Posted on:2007-07-03Degree:Ph.DType:Dissertation
University:University of California, Santa BarbaraCandidate:Sbardellati, JohnFull Text:PDF
GTID:1455390005486609Subject:History
Abstract/Summary:
This project offers the first full-length study of the FBI's investigation of the motion picture industry. I argue that the FBI, along with its allies, effectively turned Hollywood into a key ideological battleground of the Cold War. This dissertation covers the period from the early 1920s through the 1950s, focusing chiefly on the 1940s.
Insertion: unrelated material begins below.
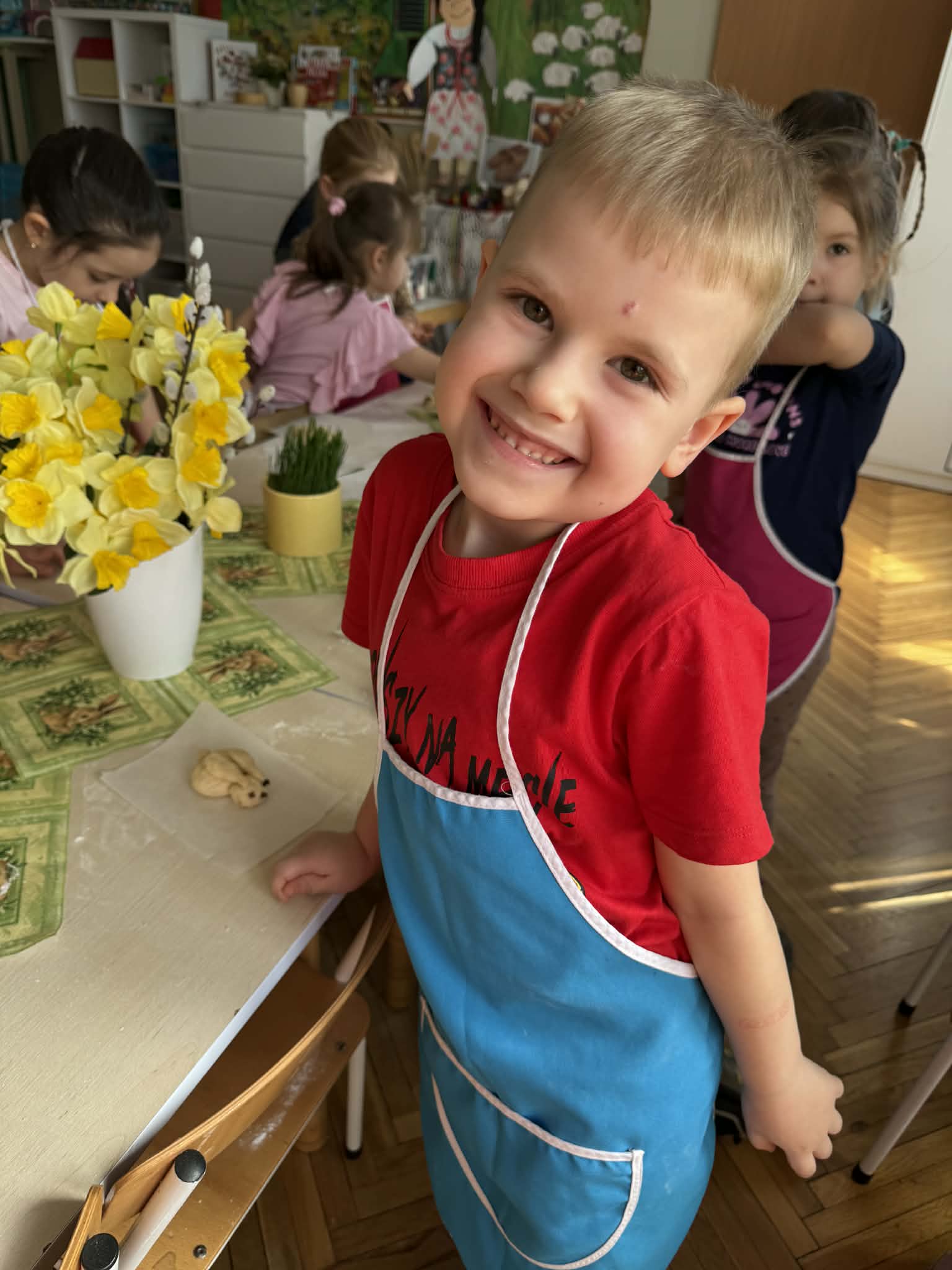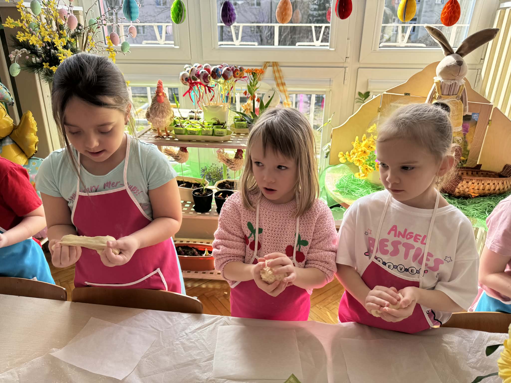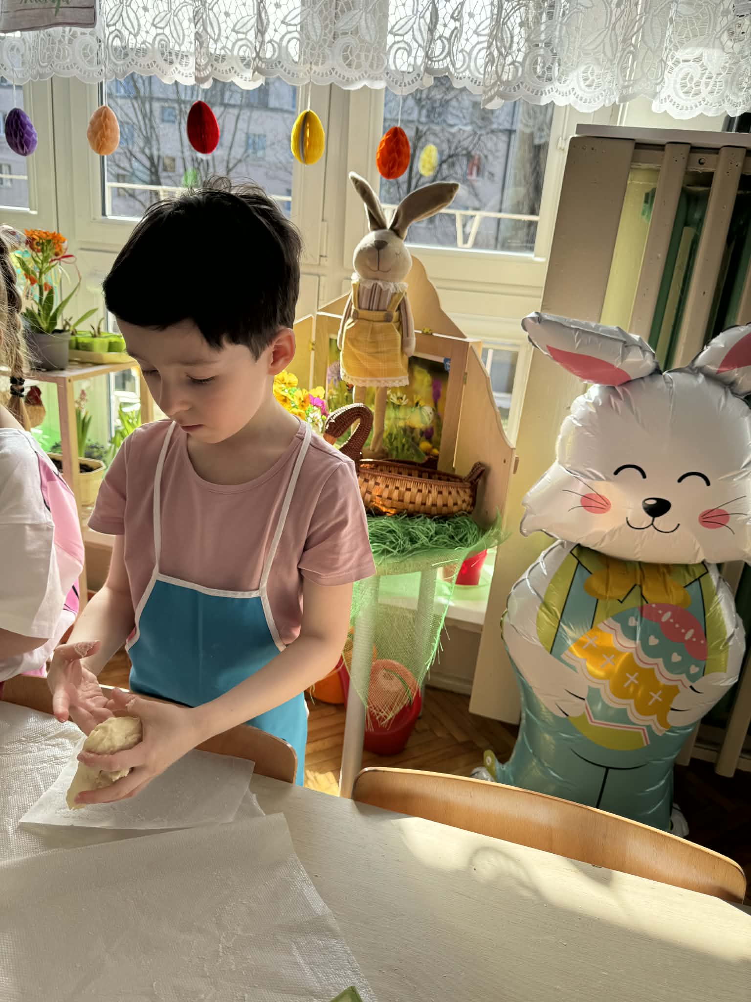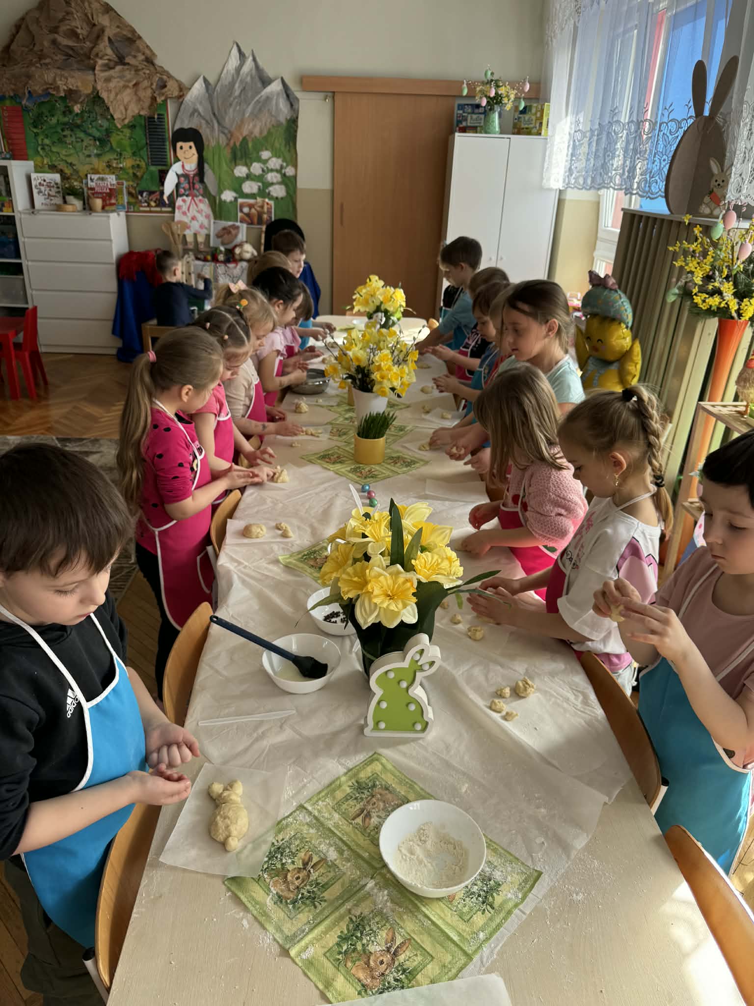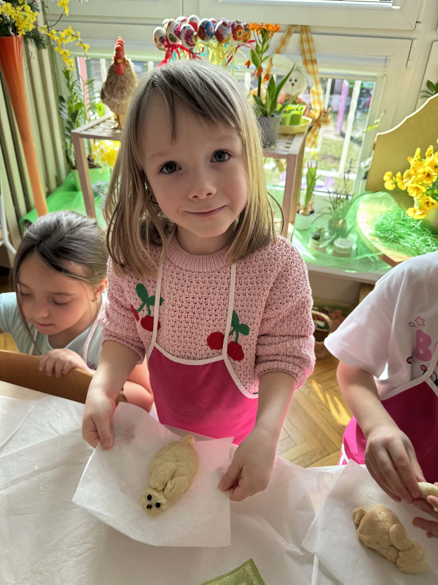 Dzieci z zaangażowaniem uczestniczyły w przygotowaniach do Świąt Wielkanocnych. Najpierw wykonały piękne prace plastyczne przedstawiające zajączki wielkanocne, rozwijając swoją kreatywność i zdolności manualne. Następnie przedszkolaki przystąpiły do pieczenia – z wielką radością formowały z ciasta własne zajączki, które później zostały przeznaczone na kiermasz wielkanocny. Nie zabrakło także aktywności na świeżym powietrzu – dzieci chętnie spędzały czas w ogródku przedszkolnym, bawiąc się i korzystając z wiosennej pogody.

Whereas World War II has often been seen as a dormant period for anti-Communism, this work shows that the alliance with the Soviet Union during the war years provided the impulse for domestic anti-Communists to prepare their attack on the film industry.; The FBI, along with its allies in the Motion Picture Alliance for the Preservation of American Ideals and the House Committee on Un-American Activities, were correct in spotting elements of left and liberal thought in some Hollywood films. They erred, however, not only in attributing these works to the devious infiltration of Communist propagandists, but especially in transforming this discourse over American political culture into a matter of national security.; Based on multi-archival research, this dissertation also serves as the first post-revisionist account of the Cold War in Hollywood. Whereas the literature on this subject has long been marked by polemics on both Left and Right, I argue for the need to move past accounts of victimization and/or subversion, and toward a more complex understanding of the institutional developments and ideological conflicts in Hollywood during World War II and the early Cold War period.